Con el corazón latiendo a una velocidad casi insoportable y el sudor corriendo por su frente hasta depositar su sabor salado en los labios, comienza a correr la sábana, cerrando sus hijos en el último instante intentando no ver lo que allí había. Cuando los abre queda horrorizado. Una fría sensación le recorrió la espalda. La tristeza se hizo insoportable y el llanto nuevamente volvió a aflorar.
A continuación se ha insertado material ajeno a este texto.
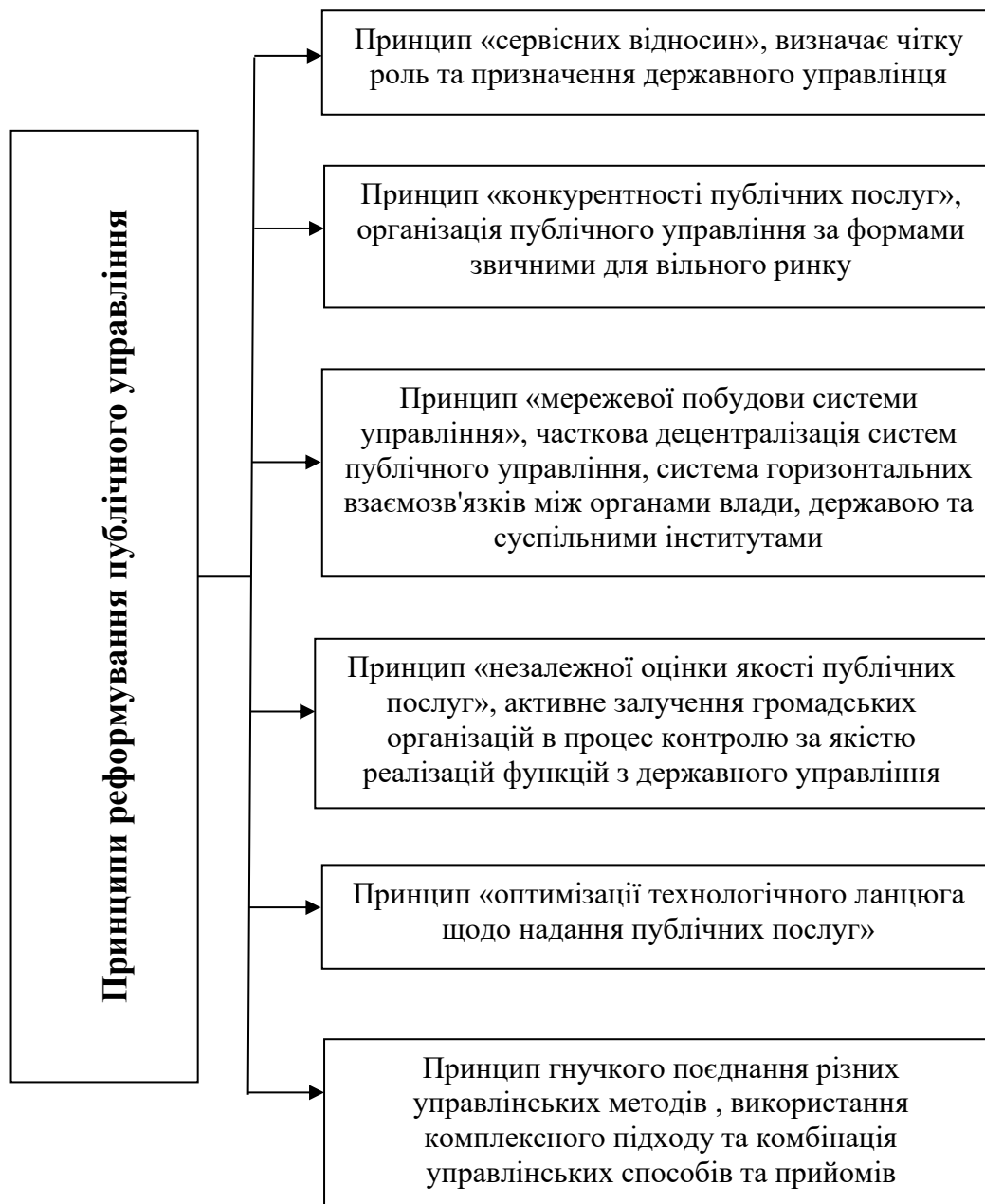
Рис. 1. Принципи реформування системи публічного управління

співробітництва повинна використовуватися допомога донорських та міжнародних організацій. Консенсус та партнерство будуть ключовими чинниками успіху реформування публічного управління.
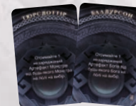
2 КАРТИ ПОХОДЖЕННЯ
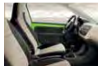
INTERIOR NEGRO AMBITION Panel de instrumentos negro y marfil
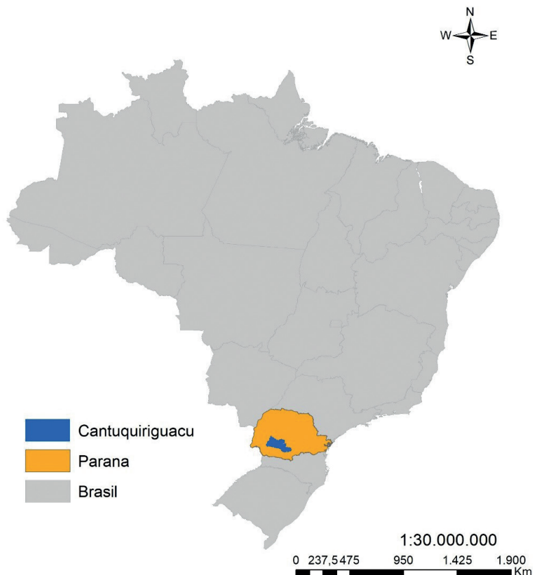
MAPA 1 Localização do Território Cantuquiriguaçu
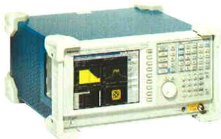
RSA3408A型リアルタイム・スペクトラム・アナライザ
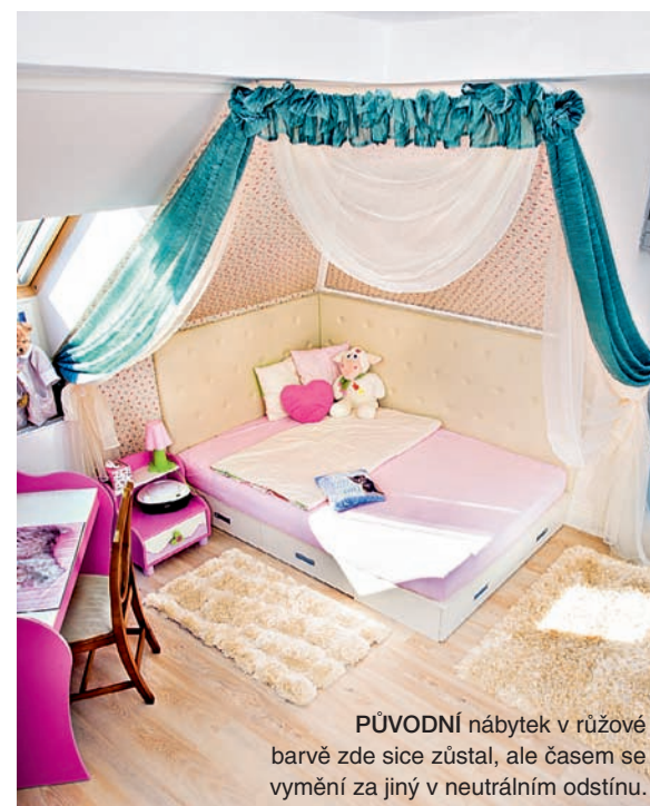
PŮVODNÍ nábytek v růžové barvě zde sice zůstal, ale časem se vymění za jiný v neutrálním odstínu.
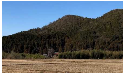
広域連携による農業体験
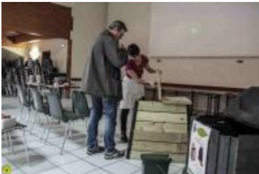
Atelier matin dédié au compostage

Proposer aux adhérents du SYDEVOM un accompagnement technique de leur opération compostage Accompagner les usagers dans leur pratique du compostage dès l'acquisition du composteur tout comme son utilisation dans la durée
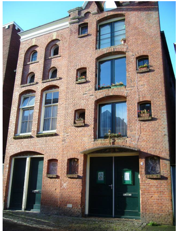
Afbeelding 38: de Russisch-Orthodoxe kerk in een voormalig pakhuis aan de Ganzevoort-singel

De ontkerkelijking van de afgelopen decennia heeft ervoor gezorgd dat veel kerkgebouwen verhuurd werden voor niet-kerkelijke activiteiten. Zo kregen de kerken geld binnen om de onderhoudskosten van het gebouw te kunnen betalen, want de kerkgemeenten waren steeds kleiner geworden. Dit betekent dat de kerkgebouwen niet alleen een godsdienstige functie vervullen, maar ook een functie als podium voor culturele uitingen. In één geval heeft een gemeente een kerkgebouw helemaal afgestoten, waardoor het een andere functie heeft gekregen, namelijk woningen.
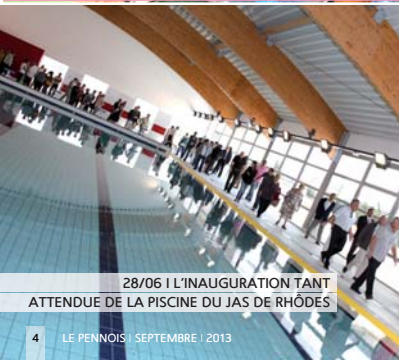
28/06 | L'INAUGURATION TANT ATTENDUE DE LA PISCINE DU JAS DE RHODÉS

Allí estaba el azulado cuerpo de su madre, completamente hinchado y golpeado, con su brazo derecho doblado en una posición imposible, con grandes trozos de piel que se le desprendían de su rostro y su espalda. Sus ojos completamente cerrados carentes de todo rastro de vida. Luego de tres días en el agua, los peces habían comenzado a devorar su carne dejándole horrendas marcas en todo su cuerpo. Un espeluznante liquido negro salía desde su boca y sus oídos. El nauseabundo olor invadió toda la habitación y una enorme mosca con una horrenda coloración verde salió por una de las fosas nasales.

–Madre. Oh madre. Perdóname por no salvarte perdóname. –Se lamentaba cayendo arrodillado junto a la camilla con el cadáver. La culpa lo invadió. Si tan solo hubiera estado atento en ese momento, quizás hubiera podido salvarla. Pero en su vida las desgracias parecían no tener fin. Fueron tan solo unos días de felicidad los que pudo disfrutar con su familia hasta que nuevamente la amargura lo había tomado desprevenido. Entonces pensó, la enfermedad habría de llevarlo muy pronto, en ese momento su pequeño hermano estaría solo. No pudo evitar pensar que, por su culpa, su pequeño hermano pasaría el resto de su vida completamente solo.